The power needed in the classical computing part of this hybrid environment is important to ensure the quantum computing side can do what it needs to do. The problem of error correction for qubits is complex, but there is a lot of work that needs to be done simply to prepare for the quantum system.
“If you have a million qubits and 12 parameters to independently optimize per qubit, that’s going to take a heck of a lot of horsepower as well,” Costa says. “There is that classical compute requirement. I don’t know that I think it’ll be exascale per QPU, that feels pretty large, but it is significant. It’s a great opportunity for Nvidia here, which is one of the reasons we’re chasing it in this collaboration.”
It’s also important to remember that quantum computers are meant to solve problems that can’t be solved now with classical systems, Itamar Sivan, co-founder and CEO of Quantum Machines, tells The Next Platform.

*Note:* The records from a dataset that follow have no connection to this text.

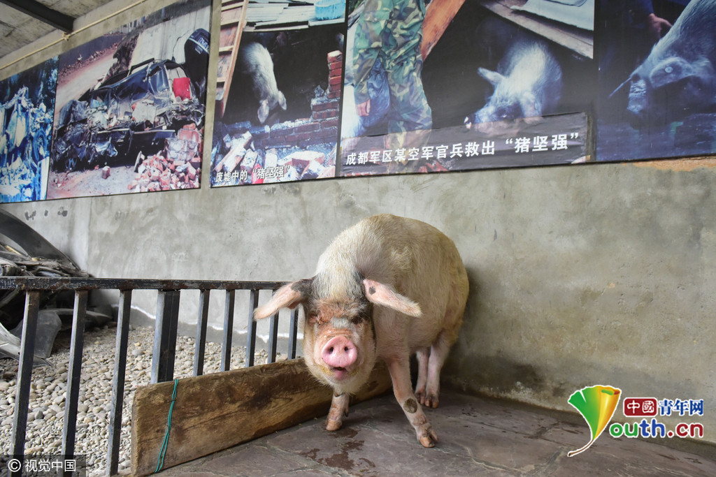 2017年03月03日,四川省成都市,建川博物馆,在汶川大地震中被埋36天后得救的一只母猪,被冠以“猪坚强”之名。八年多过去了,猪坚强住在建川博物馆提供的一室一厅里,有专人伺候有保健医生看病。虽然年纪渐大,腿脚不便,但每天工作人员都要陪它溜达两次。之前有传言猪坚强已死,一名杭州的女孩还专门打飞的到四川求证。供图:视觉中国
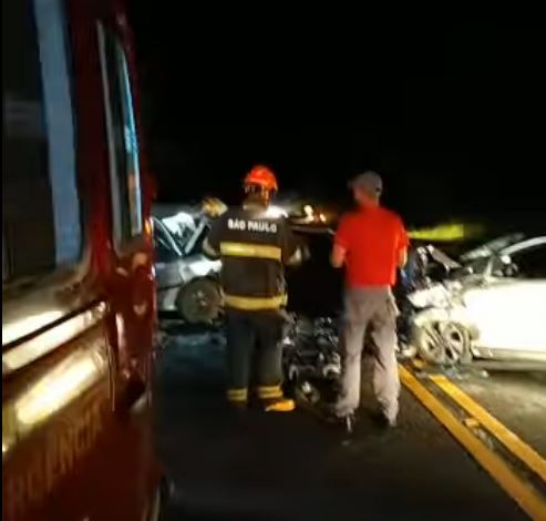 Três veículos se envolveram no acidente, sendo que dois colidiram de frente e o terceiro foi atingido de raspão.
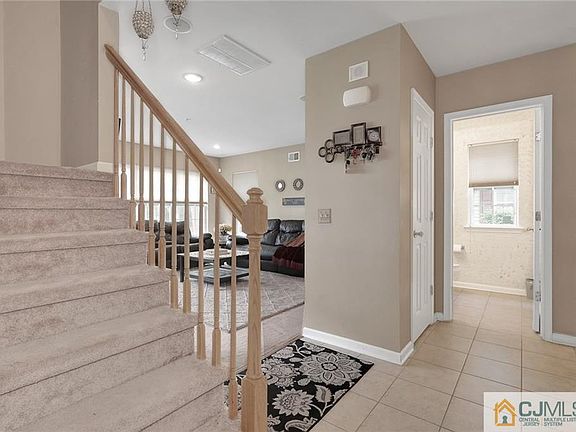 Well maintained 3 bedroom end unit townhome is one of the largest models. Large entry foyer with 2 closest/Plenty of room in the eat in kitchen with granite/upgraded backsplash/ss appliances/huge pantry/Formal living and dining rooms Bright master suite with lovely views from the windows featuring wic and full bath/laundry room is upstairs full size washer/dryer, bedroom 2 has double closest as does bedroom 3. Private entrance on side/ backs up to open space for play area. Clubhouse includes resort like pool/playground/basketball courts/ ez access to NYC commuter bus Rt 33 and NJTP malls shopping a few min away.
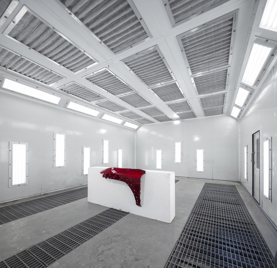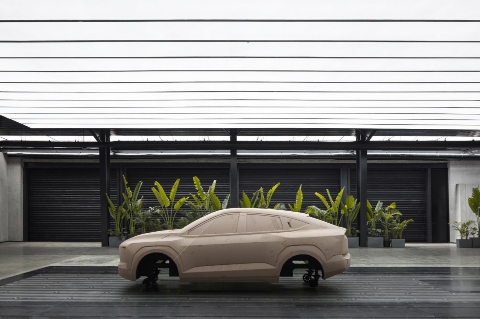 项目用地为21米×67米,位于现有设施南侧边缘,并沿原有庭院展开。该庭院被保留并拓宽,转化为景观化的公共交流空间。空间组织以一处8米×17米的中央“泥塑建模区”(Clay Bay)为核心,用于全尺寸车辆造型。需要封闭与可控光环境的功能——如喷漆房、调漆间与硬质建模区——布置在西侧;服务空间沿东侧既有工业厂房展开;面向庭院的一侧则布置茶水间、资料室与模型制作工位,充分利用自然采光与景观资源。
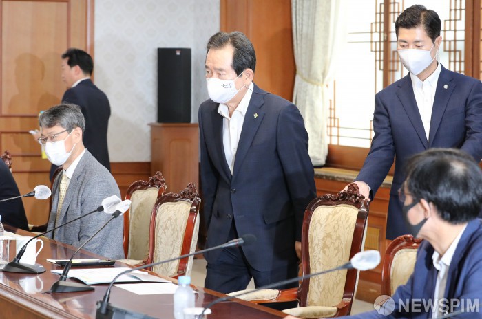 [서울=뉴스핌] 백인혁 기자 = 정세균 국무총리가 12일 오전 서울 종로구 정부서울청사에서 열린 코로나19 전문가 간담회에 참석하고 있다. 2020.06.12 dlsgur9757@newspim.com

“You’re saying, ‘Well, it sounds quite crazy. We need so much classical compute power to just drive a single quantum processor. It sounds unreasonable,” Sivan says. “But on the other hand, this goes back to what we’re here to do. Quantum computers are not meant to take problems that we’re solving today and then solve them faster.”
Nvidia also released CUDA Quantum for building quantum applications in C++ and Python that initially went into private release in July 2022 under the name QODA and is now open source. They rebranded it after getting tired of explaining what QODA was, Costa says. It’s again for hybrid classical-quantum environments to enable integration and program of QPUs, GPUs, and CPUs in a single system.